Sorti dans nos salles françaises le 8 mars 2023, “Women Talking” était l’un des nombreux films en lice pour les Oscars. Réalisé par Sarah Polley, le casting est quasi exclusivement féminin, et aborde de lourds sujets sans détours.
[TW: violences sexuelles]
Entre pièce de théâtre et essai philosophique se situe le long-métrage de Sarah Polley, “Women Talking”, adapté du livre de Miriam Toews. Pendant une heure et quarante-quatre minutes, un drame se déroule entre les murs d’une grange. Dix femmes se rassemblent pour une longue discussion sur leur sort, en réaction à une série de viols perpétrés par de nombreux hommes de la colonie.
La chose la plus frappante concernant ce film est la sporadicité de marqueurs temporels, plongeant le spectateur dans le flou quant à la période dans laquelle se déroule cette histoire. Les personnages évoluant dans une colonie mennonite (soit une communauté religieuse isolée, vivant loin des villes et de la technologie), il n’y a rien qui puisse nous aiguiller sur la question.

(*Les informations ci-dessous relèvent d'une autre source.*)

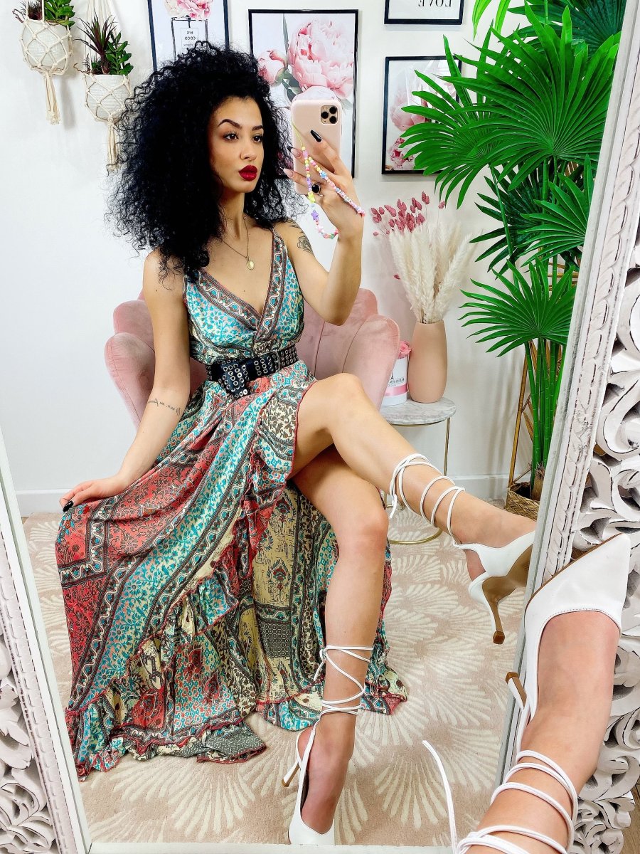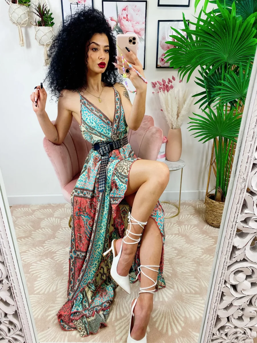 Recensisci per primo “Abito lungo con gonna asimmetrica rosa verdeacqua”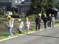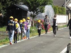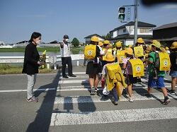 星自助・共助・公助の気持ちを忘れずに、安全・安心して登下校ができるように・・・。「左右・後方の確認」「手を挙げて横断」「目視・耳聴・声掛け」が大切であることを学びました。

Quelques réponses sont cependant apportées, via la mention d’antibiotiques ou, plus tard, le passage d’une voiture pour le recensement de l’année 2010.
Quant au lieu de résidence de nos personnages, il est difficile de deviner où se trouve cette colonie – bien que l’on suppose quelque part en Amérique du Nord, dû aux accents.
Salome (Claire Foy) tenant dans ses bras sa fille Miep, et Ona (Rooney Mara).
De plus, le ton du film ressemble bien plus à celui d’une pièce de théâtre. La majeure partie de l’action se passe dans la grange, au milieu de la colonie; autour, des champs à perte de vue. La simplicité des paysages et des costumes permet de mettre l’emphase sur ce qui est dit, plutôt que ce qui est montré. D’ailleurs, on ne montre pas grand-chose: le peu d’images fortes sont brèves, mais impactantes.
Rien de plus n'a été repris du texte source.